Organizational Capacity and Readiness to Provide Medication for Individuals with Co-Occurring Alcohol Use Disorders in Public Mental Health Settings.

机构信息

RAND Corporation, 1776 Main Street, Santa Monica, CA, 90407, USA.

Department of Family Medicine, David Geffen School of Medicine, University of California, Los Angeles, 10833 Le Conte Avenue, Los Angeles, CA, 90095, USA.

出版信息

Adm Policy Ment Health. 2021 Jul;48(4):707-717. doi: 10.1007/s10488-020-01103-5. Epub 2021 Jan 2.

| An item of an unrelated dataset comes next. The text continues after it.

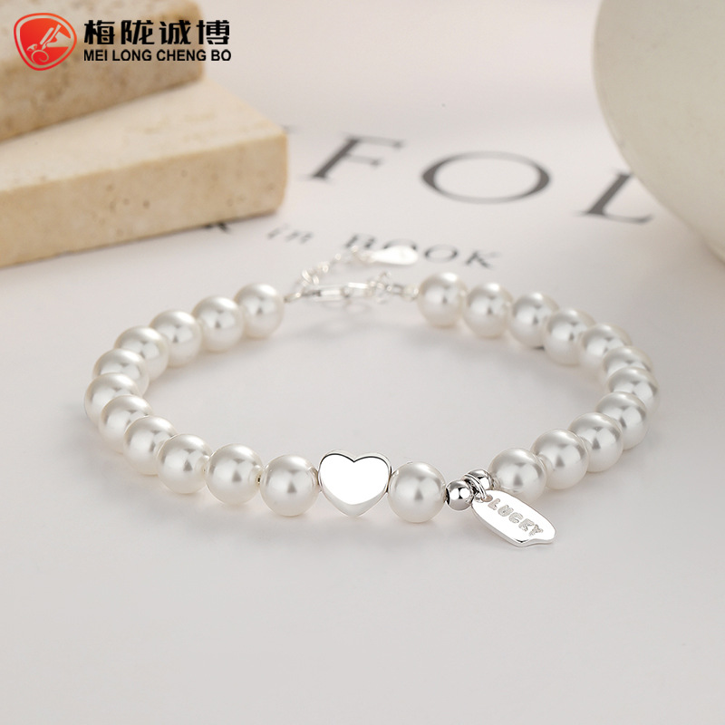 925纯银爱心珍珠手链女ins时尚心形珍珠手饰轻奢气质高级感银饰品

DOI:10.1007/s10488-020-01103-5
PMID:33387128
原文链接:https://pmc.ncbi.nlm.nih.gov/articles/PMC8628547/
Abstract

Alcohol use disorders (AUD) in individuals with mental illness are largely untreated. The purpose of this study was to identify gaps in organizational capacity and readiness to provide medications for AUD in outpatient public mental health clinics. We selected a purposive sample of eight publicly funded outpatient mental health clinics operated by the Los Angeles County Department of Mental Health; clinics were chosen to maximize heterogeneity. Guided by theories of organizational capacity and readiness and research on the adoption of pharmacotherapy for AUD in primary and specialty care treatment settings, we conducted semi-structured interviews and focus groups with administrators, providers and staff, and a qualitative analysis of the results. Respondents described significant organizational capacity and behavioral readiness constraints to providing medication treatment for AUD. Both groups articulated a perception that mental health clinics were not designed to provide co-occurring AUD treatment because of large caseloads, staffing configurations, and time constraints that did not support the delivery of appropriate treatment, and a lack of protocols and workflow procedures. We documented organizational capacity and readiness constraints which impede the delivery of medication treatment for AUD in a large mental helth system. While some constraints have straightforward solutions, others require structural changes to the way care is delivered, and state-level funding and policy changes.

摘要

精神疾病患者中的酒精使用障碍(AUD)大部分未得到治疗。本研究旨在确定组织能力和准备情况方面的差距,以在门诊公共心理健康诊所提供 AUD 的药物治疗。我们选择了洛杉矶县心理健康部运营的八家有公共资金支持的门诊心理健康诊所作为有目的的样本;选择诊所是为了最大限度地提高异质性。在组织能力和准备情况理论以及在初级和专科护理治疗环境中采用 AUD 药物治疗的研究的指导下,我们对管理人员、提供者和工作人员进行了半结构式访谈和焦点小组,并对结果进行了定性分析。受访者描述了在提供 AUD 药物治疗方面存在重大组织能力和行为准备方面的限制。这两个群体都认为,由于大量的病例量、人员配置和时间限制不支持提供适当的治疗,而且缺乏协议和工作流程程序,心理健康诊所的设计不适合提供共病 AUD 治疗。我们记录了在大型心理健康系统中提供 AUD 药物治疗的组织能力和准备情况方面的限制。虽然一些限制有简单的解决方案,但其他限制则需要对护理提供方式进行结构性改变,还需要州一级的资金和政策改变。